- The Washington Times - Sunday, July 3, 2011

LIFE, LIBERTY, PURSUIT OF HAPPINESS

American ambassadors celebrated Independence Day from the tranquility of the Bahamas to the front line in the war on terrorism in Afghanistan, where U.S. soldiers are sacrificing their lives for a government that calls them “occupiers.”

In Kabul, Ambassador Karl W. Eikenberry spoke of the friendship between the American and Afghan peoples and noted that the United States is nearing an end to its 10-year war in Afghanistan. President Obama last month ordered the beginning of a drawdown of 33,000 U.S. troops with the ultimate goal of turning security over to the Afghan army after a full withdrawal.

Mr. Eikenberry referred to a “turning point in our campaign to establish security and stability” in Afghanistan.

“As this happens, the Afghans must know that our partnership is enduring,” he said.

Only two weeks ago, the ambassador upbraided Afghan President Hamid Karzai for calling U.S. troops “occupiers.” More than 1,500 U.S. troops have died defending Afghanistan from Taliban militants and their al Qaeda terrorist allies.

However, at his early Fourth of July celebration on Saturday, Mr. Eikenberry was conciliatory with his guests in one of his last receptions before ending his tour.

“On this holiday, it is worth remembering that no matter what country we call home, we all strive for the same things as those who signed the American Declaration of Independence in 1776: life, liberty and the pursuit of happiness,” he said.

In Pakistan, Ambassador Cameron Munter also spoke of shared “values and ideas,” even though the Pakistan government has become more critical of the United States since U.S. commandos killed al Qaeda leader Osama bin Laden inside Pakistan in May.

“Even in these difficult times, we are close friends,” Mr. Munter said at an Independence Day celebration Saturday in Karachi.

He asked his guests to remember “the people who died fighting” for “freedom, tolerance and democracy.” He mentioned Benazir Bhutto, a former prime minister killed in 2007 while campaigning; Shahbaz Bhatti, a Christian member of Parliament killed in March; Saleem Shahzad, a reporter found dead in May; and Salmaan Tazeer, governor of Punjab assassinated in January for opposing Islamic blasphemy laws.

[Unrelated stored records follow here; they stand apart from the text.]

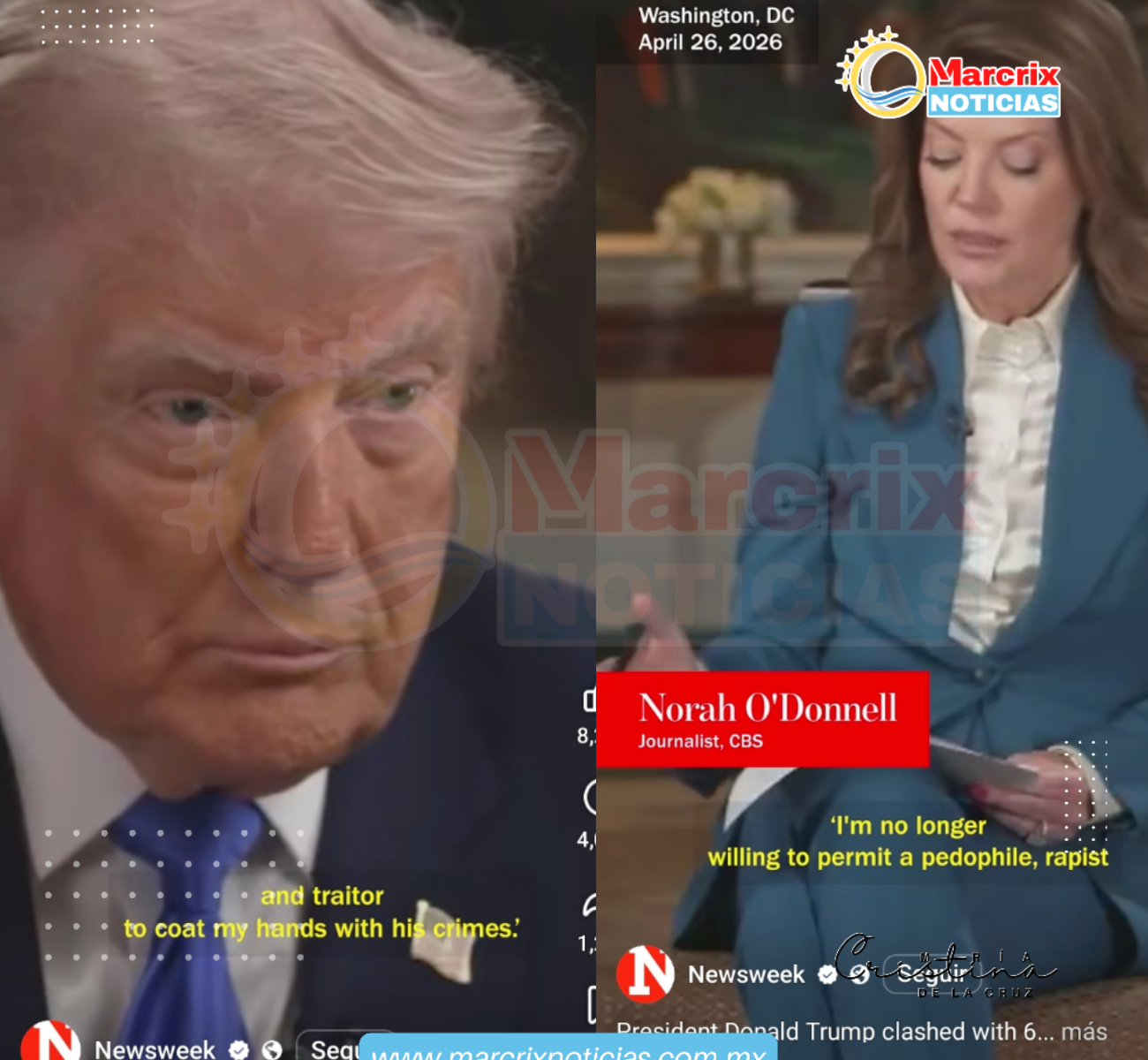 Estados Unidos. ( Marcrix Noticias).- El presidente Donald Trump confrontó a la periodista Norah O’Donnell durante una entrevista en el programa 60 Minutes, luego de que se abordara el contenido del manifiesto del atacante vinculado al tiroteo en la cena de la Asociación de Corresponsales de la Casa Blanca.
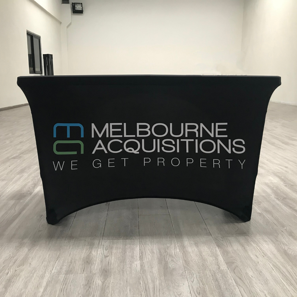 Package Includes: Custom Printed Stretch Fabric Table Cover ** TABLE NOT INCLUDED**
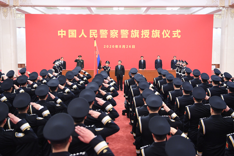 8月26日,中国人民警察警旗授旗仪式在人民大会堂举行。中共中央总书记、国家主席、中央军委主席习近平向中国人民警察队伍授旗并致训词。新华社记者 张领 摄
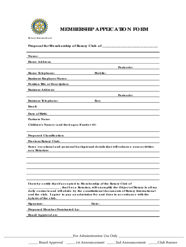 MEMBERSHIP APPLICATION FORM Rotary InternationalProposal for Membership of Rotary Club of Name: Home Address: Postcode: Home Telephone:Mobile:Business/Employer Name: Position Title or Description:
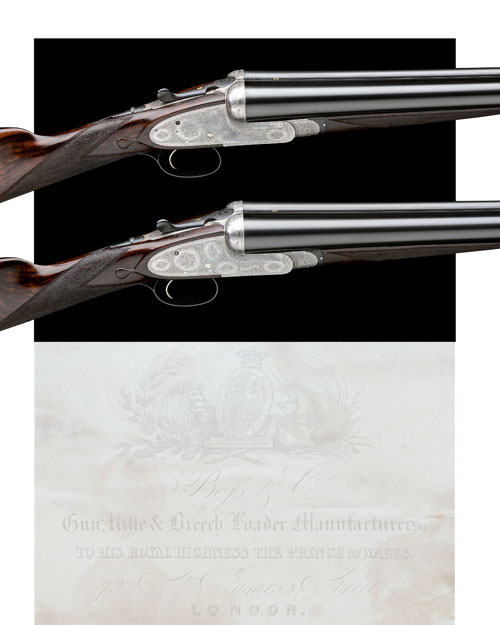 28in. nitro barrels, ribs gold-inlaid '1' and '2' at the breech ends and engraved 'BOSS & CO. 73. ST. JAMES'S STREET. LONDON.', 2 1/2in. chambers, bored approx. imp. cyl. and 1/4 choke, wall thicknesses below recommended minimum, some rivelling, toplevers gold-inlaid '1' and '2', manual safeties with gold-inlaid 'SAFE' details, gold-inlaid cocking-indicators, non-selective single triggers, rolled-edge triggerguards, best fine floral bouquet and acanthus scroll engraving, the triggerplates with Boss 1894 patent single trigger details, brushed bright and reblued finish overall, 14 3/4in. highly-figured replacement stocks, weight 6lb. 7oz., in their re-lined brass-cornered oak and leather case
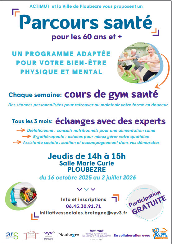 Atelier pour les 60 et plus, info et inscriptions au 06.45.30.91.71 ou par mail à initiativessociales.bretagne vyv3.fr
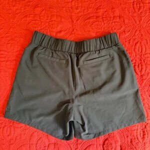 Pull on short with elastic waistband. Front side slit pockets, two slit back pockets.
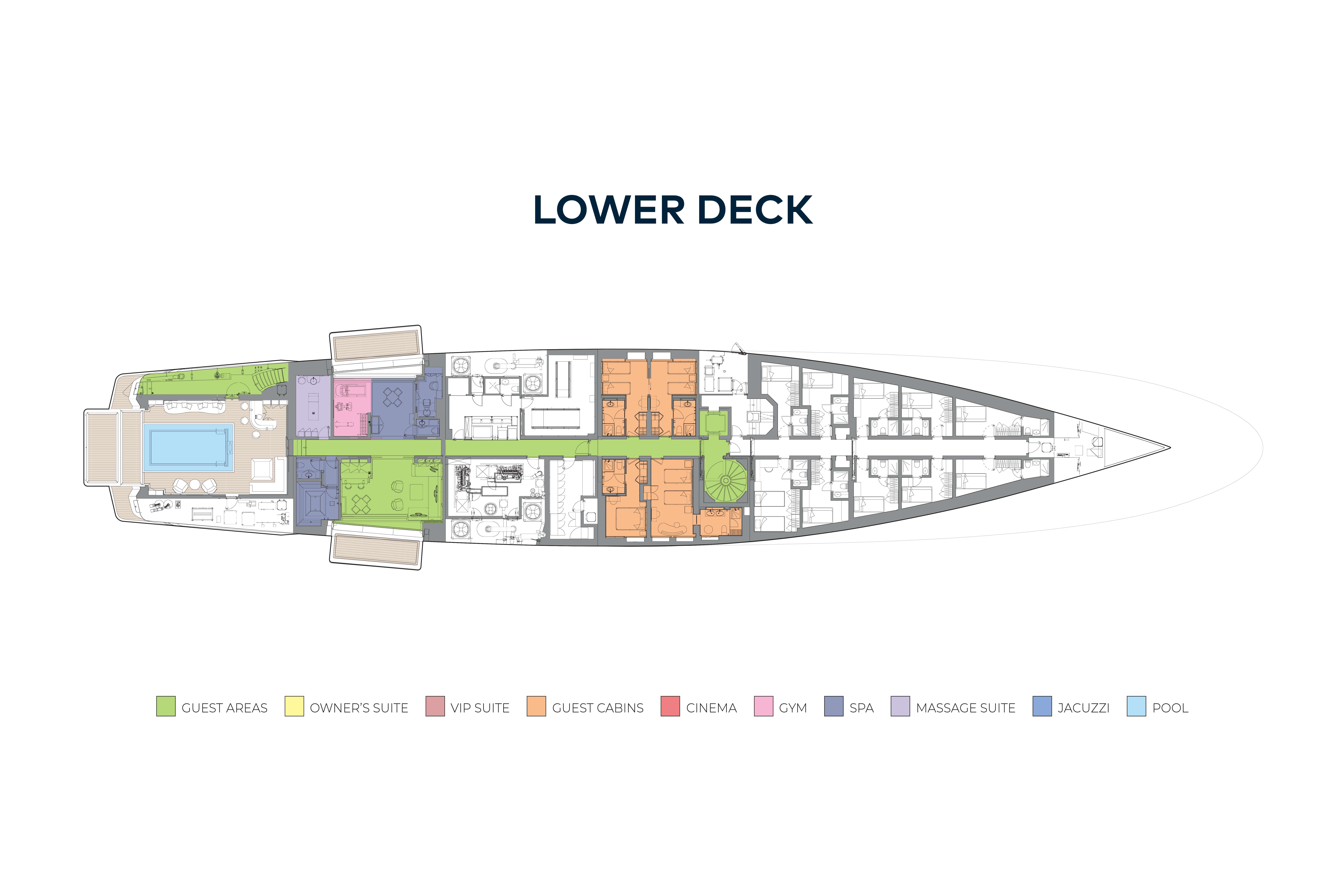 On the bridge deck, the owner's suite is aft facing with his-and-hers en suite, walk-in wardrobe and access to the jacuzzi and sunpads on the aft terrace. Walkaround sidedecks lead forward either side to seating forward of the bridge. Also on the upper deck are two children's cabins that could also serve as staff cabins. These complete accommodation for up to 24 guests in 12 cabins.
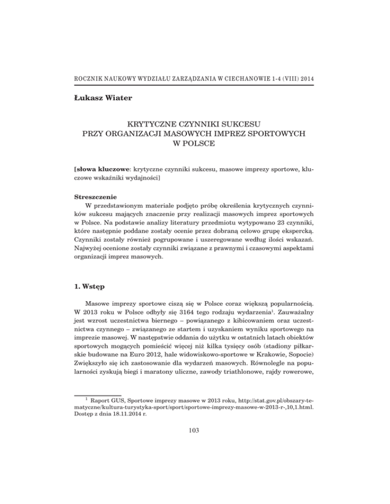 ROCZNIK NAUKOWY WYDZIAŁU ZARZĄDZANIA W CIECHANOWIE 1-4 (VIII) 2014 Łukasz Wiater KRYTYCZNE CZYNNIKI SUKCESU PRZY ORGANIZACJI MASOWYCH IMPREZ SPORTOWYCH W POLSCE [słowa kluczowe: krytyczne czynniki sukcesu, masowe imprezy sportowe, kluczowe wskaźniki wydajności] Streszczenie W przedstawionym materiale podjęto próbę określenia krytycznych czynników sukcesu mających znaczenie przy realizacji masowych imprez sportowych w Polsce. Na podstawie analizy literatury przedmiotu wytypowano 23 czynniki, które następnie poddane zostały ocenie przez dobraną celowo grupę ekspercką. Czynniki zostały również pogrupowane i uszeregowane według ilości wskazań. Najwyżej ocenione zostały czynniki związane z prawnymi i czasowymi aspektami organizacji imprez masowych. 1. Wstęp Masowe imprezy sportowe ciszą się w Polsce coraz większą popularnością. W 2013 roku w Polsce odbyły się 3164 tego rodzaju wydarzenia1. Zauważalny jest wzrost uczestnictwa biernego – powiązanego z kibicowaniem oraz uczestnictwa czynnego – związanego ze startem i uzyskaniem wyniku sportowego na imprezie masowej. W następstwie oddania do użytku w ostatnich latach obiektów sportowych mogących pomieścić więcej niż kilka tysięcy osób (stadiony piłkarskie budowane na Euro 2012, hale widowiskowo-sportowe w Krakowie, Sopocie) Zwiększyło się ich zastosowanie dla wydarzeń masowych. Równolegle na popularności zyskują biegi i maratony uliczne, zawody triathlonowe, rajdy rowerowe, 1 Raport GUS, Sportowe imprezy masowe w 2013 roku, http://stat.gov.pl/obszary-tematyczne/kultura-turystyka-sport/sport/sportowe-imprezy-masowe-w-2013-r-,10,1.html. Dostęp z dnia 18.11.2014 r. 103 Łukasz Wiater które przyciągają zarówno profesjonalnych sportowców, jak również zawodników amatorów2. Wskazana sytuacja jest szansą dla organizatorów imprez masowych. Mogą być nimi ukierunkowane na taką działalność podmioty gospodarcze, jednostki samorządu terytorialnego lub nawet osoby fizyczne. W każdym z tych przypadków osoby podejmujące się organizacji imprezy masowej w całości biorą na siebie odpowiedzialność za jej prawidłowe przygotowanie i przebieg. Poniższa praca ma za zadanie porównanie (występujących w literaturze przedmiotu) kilku obszarów, w których występują kluczowe czynniki sukcesu dla organizacji masowych imprez sportowych, z opiniami osób, które zawodowo zajmują się tego rodzaju działalnością. 2. Krytyczne czynniki sukcesu – KCS (Critical Success Factors) Krytyczne czynniki sukcesu3 określić można jako elementy, które wpływają na powodzenie przedsięwzięcia i osiągnięcie wyznaczonego celu. Można również rozumieć je jako posiadanie przez organizację pewnego rodzaju minimum zdolności i umiejętności w pewnych obszarach funkcjonowania. Pierwszy raz definicję KCS zaprezentował D.R Daniel4, ale spopularyzował je dopiero pod koniec lat siedemdziesiątych XX wieku J.F. Rockart5. Krytyczne czynniki sukcesu miały według niego służyć przedsiębiorstwom jako narzędzie ułatwiające realizację projektów i strategii. Lista kluczowych czynników sukcesu dla przedsięwzięć związanych z organizacją imprez sportowych zawierać może od kilku do kilkunastu pozycji uwzględniających specyfikę tego rodzaju działań. W przypadku masowych imprez sportowych specyfika częściowo narzucona jest przez prawo. W polskiej ustawie o bezpieczeństwie imprez masowych6 określony został wymóg ubiegania się (do 2 W ostatnim Maratonie Warszawskim wystartowało 6800 osób http://pzumaratonwarszawski.com/, (2014) w biegu Biegnij Warszawo około 12000 osób (2014) http://www. biegnijwarszawo.pl/pl/ 3 CSF – Critical Success Factors – w polskim piśmiennictwie stosuje się czasem zamiennie określenie krytyczne czynniki sukcesu lub kluczowe czynniki sukcesu. 4 Daniel, D. (1961). Managment information crises. “Harvard Business Review”, s. 111-116. 5 Rockart, J. (1979). Chief Executives Define their Own Data Needs. “Harvard Business Review”, 81-93. 6 Ustawa z dnia 20 marca 2009 r. o bezpieczeństwie imprez masowych Dz. U. 2009 Nr 62 poz. 504. 104 Krytyczne czynniki sukcesu przy organizacji masowych... właściwego ze względu na miejsce imprezy wójta, burmistrza lub prezydenta miasta) o wydanie pozwolenia na realizację tego typu przedsięwzięcia. Uzyskanie pozwolenia wiąże się z zapewnieniem właściwej organizacji imprezy masowej w obszarze przygotowania służb informacyjnych i porządkowych, pomocy medycznej, zaplecza sanitarnego, ochrony przeciwpożarowej oraz współpracy z odpowiednim służbami państwowymi. Przy tworzeniu listy krytycznych czynników dla danego projektu występują zasadniczo dwie podstawowe metody postępowania7. Pierwsza z nich jest metodą dwuetapową. W etapie pierwszym zadaniem osób zarządzających projektem powinna być jego analiza według wszystkich możliwych kryteriów, a następnie określenie jego słabych i mocnych stron. Etap drugi to wybranie spośród nich tych elementów, które będą miały największe znaczenie dla prawidłowej realizacji projektu. Przy wyborze kierować można się np. zaleceniami osób uważanych za ekspertów w danej dziedzinie. Druga metoda będzie metodą jednoetapową opierającą się na określeniu kompletnej listy krytycznych czynników sukcesu na podstawie posiadanego doświadczenia w zakresie realizacji podobnych projektów. Ryc. 1. Źródła krytycznych czynników sukcesu i ich wpływ na tworzenie kluczowych wskaźników wydajności. Źródło: Opracowanie własne. 7 Turner J. R. (2004). Five conditions for project success, “International Journal of Project Management”, 22(5), s. 349-350. 105 Łukasz Wiater Z powyższego podziału wnioskować można iż metoda dwuetapowa będzie bardziej właściwa dla podmiotów, które pierwszy raz podejmują działania związane z realizacją projektu jakim jest masowa impreza sportowa. Zarówno w jednej jak i w drugiej metodzie prz

In Harare, Zimbabwe, Ambassador Charles A. Ray invited guests to a picnic on Friday to celebrate Independence Day.

Mr. Ray, a frequent critic of autocratic President Robert Mugabe, praised the Zimbabwean people who want “justice, tranquility, liberty and prosperity.”

Ambassador Harry K. Thomas in the Philippines talked about the qualities that make an American.

“We honor those who lived and died by the concept immortalized in our Declaration of Independence 235 years ago,” he said.

“We are a strong nation, but the core our strength lies in our ability to make and build relationships: to make friends, not war; to project the power of our ideas, not the strength of our arms.”

However, the projection of power was on display in the tropical paradise of the Bahamas, where Ambassador Nicole Avant held a cocktail reception aboard the visiting USS Vicksburg guided missile cruiser.

Independence Day is a “holiday where we express pride for our country, rejoice in our freedoms and are humbled by the heroic men and women in uniform to whom we are indebted for all they do to protect our freedom,” she said.

DIPLOMATIC TRAFFIC

Foreign visitors in Washington this week include:

Thursday

• Cayetano Llobet, a prominent political analyst in Bolivia, who addresses the Inter-American Dialogue.

• Gita Wirjawan, chairman of Indonesia’s Investment Coordinating Board. He discusses Indonesia’s economy in a briefing at the Center for Strategic and International Studies.